Но тогда, в Брускове, когда все исчезли и Глебов с Соней остались вдвоем, наступило что-то очень важное. Мороза не было, сыпался тихий снег. Они вышли с лопатами и разгребали дорожку, стояли сумерки, весь день был сумеречный, рано зажгли огонь. Несколько часов они возились, приводя дом в порядок, устали неимоверно — Соня торопилась убрать, потому что боялась, что приедут родители, — потом сидели на кухне и пили чай из глиняных чашек. Родители не приехали. Чашки были тяжелые, шоколадного цвета, и чай необыкновенно вкусный. Эти глиняные чашки запомнились навсегда. И был какой-то час, когда Соня ушла на соседнюю дачу отнести посуду, а он был наверху, в мансарде, самой теплой комнатке во всей даче, окно в сад было открыто, пахло снегом, елью, откуда-то тянуло запахом горелого лапника, и он лежал на диване, старомодном, с валиками и кистями, закинув руки за голову, смотрел на потолок, обшитый вагонкой, потемневшей от времени, на стены мансарды с торчащим между досками войлоком, с какими-то фотографиями, с маленькой старинной гравюркой под стеклом, изображавшей сцену из русско-турецкой войны, и вдруг — приливом всей крови, до головокружения — почувствовал, что все это может стать его домом. И, может быть, уже теперь — еще никто не догадывается, а он знает — все эти пожелтевшие доски с сучками, войлок, фотографии, скрипящая рама окна, крыша, заваленная снегом, принадлежат ему ! Была такая сладкая, полумертвая от усталости, от хмеля, от всего истома…

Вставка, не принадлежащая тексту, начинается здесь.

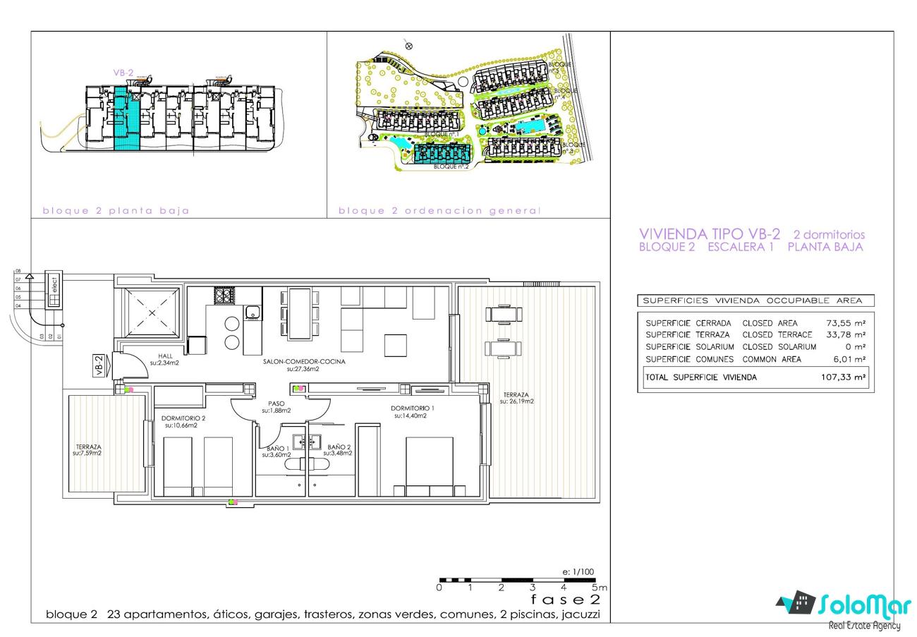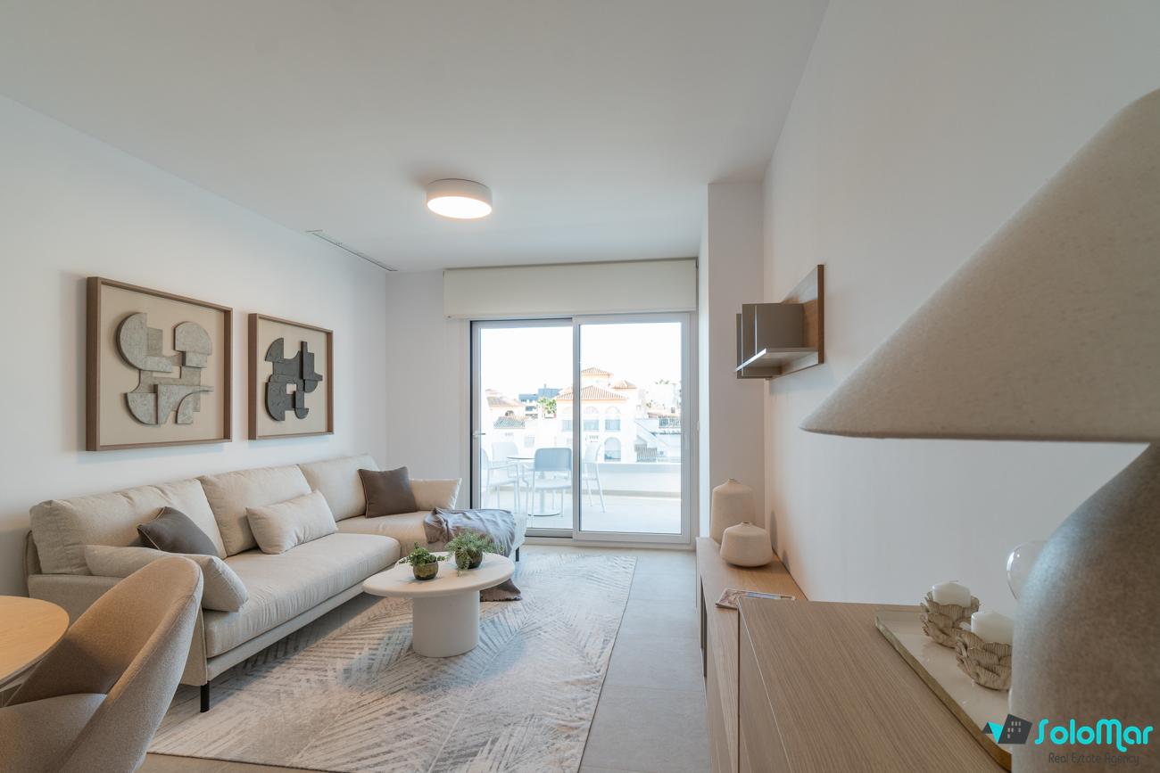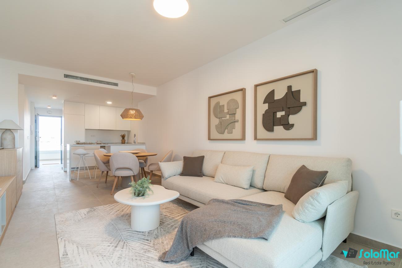 Apartamentos modernos y luminosos en planta baja que constan de 2 dormitorios y 2 baños, salón, cocina y lavadero.
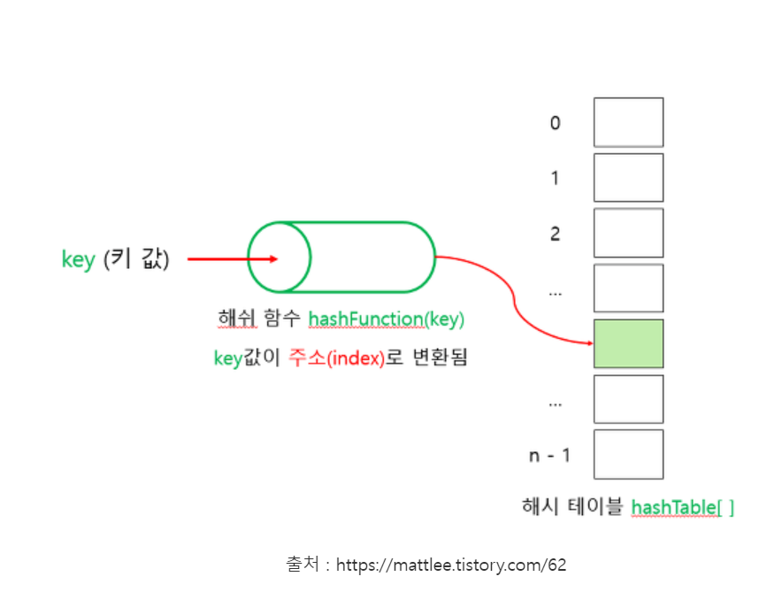 - 해시 함수 : 키를 입력으로 받아 해시 주소(hash address)를 생성하고 이 해시 주소를 해시 테이블(hash table)의 인덱스로 사용
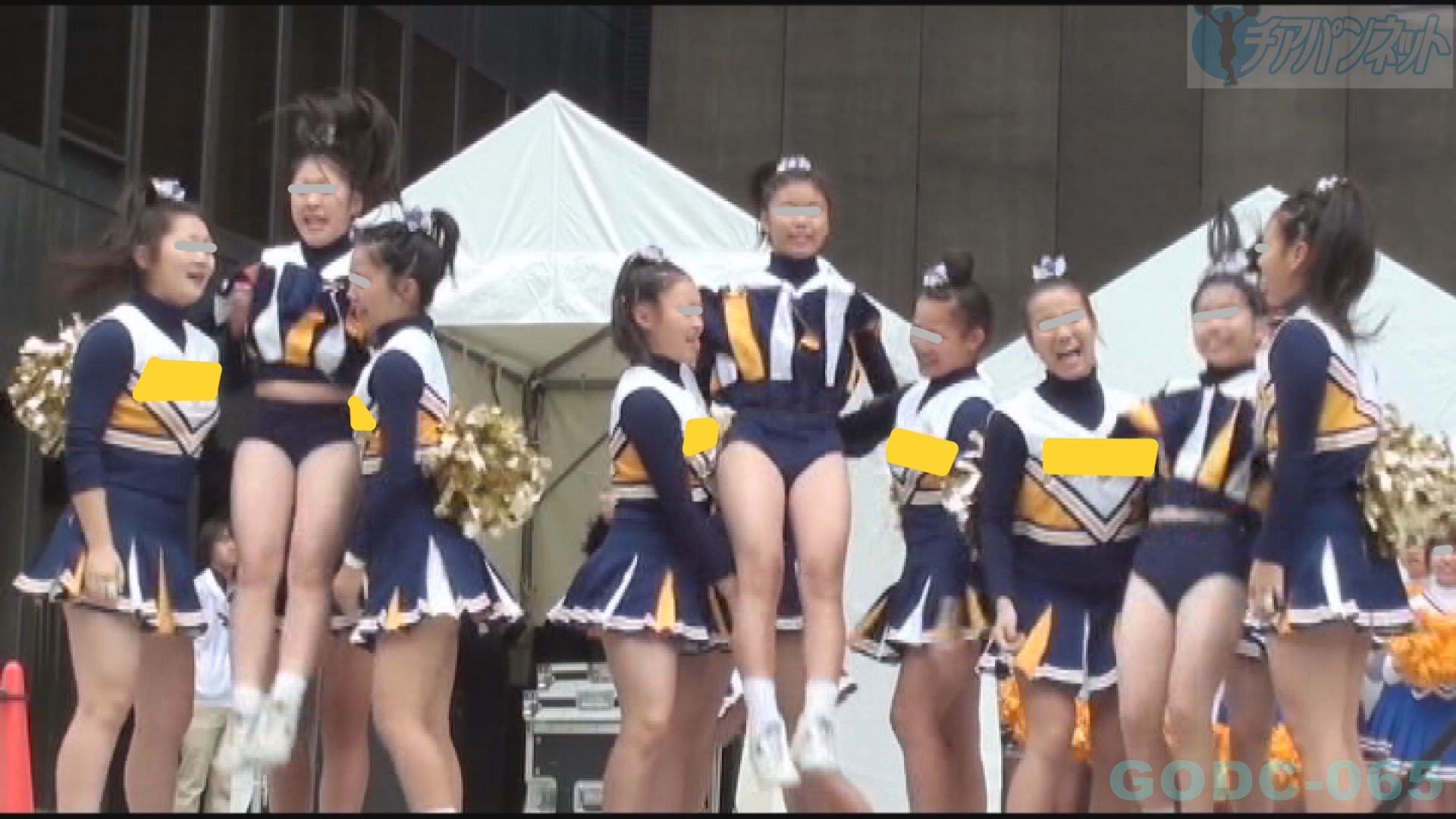 今回も得意のスタンツでトップのチアがおへそと紺ブルマ全開シーンの連続!

Захотелось немедленно что-то найти, хотя бы глоток хотя бы старого пива. Он спустился вниз, искал повсюду, ничего не нашел. Падал неслышно снег. Когда вернулась Соня, он почувствовал внезапный напор сил. Сонины глаза блестели, щеки были влажными от снега. Он целовал холодные губы, холодные пальцы, бормотал, что не может жить без нее, его охватило настоящее желание, такого никогда раньше не было с Соней, и он обрадовался. Соня заплакала и сказала: «Зачем мы потеряли целый день?» Хотя было рано, часов семь вечера, они постелили в мансарде на диване, погасили свет и бросились нагие друг к другу, не желая ждать ни секунды. Прошло немного времени, вдруг внизу раздался стук в дверь. Стучали со стороны крыльца, потом стали барабанить в дверь на веранде. Наверное, кто-то из ребят вернулся догуливать. Стучали очень упорно, было слышно, как люди, двое или трое, ходят по снегу вокруг дачи, разговаривают и советуются. Кто-то кричал: «Вадим! Отворяй, змей!» И женский голос: «Сонечка, это мы!» Еще крикнули весело: «Эй, что вы ночью будете делать?» Засмеялись. Глебов не понял по голосам кто. Соня хотела пойти вниз и открыть, но Глебов не пустил: «Лежи тихо!» Он обнимал худое, покорное, мягкое, худые плечи, худую спину, в этом теле не было никакой тяжести, но оно принадлежало ему — вот что он чувствовал, — принадлежало ему вместе со всем — со старым домом, елями, снегом; ион целовал его, обнимал, делал с ним что хотел, но старался делать бесшумно, а внизу потолкались, погудели, выругались и ушли.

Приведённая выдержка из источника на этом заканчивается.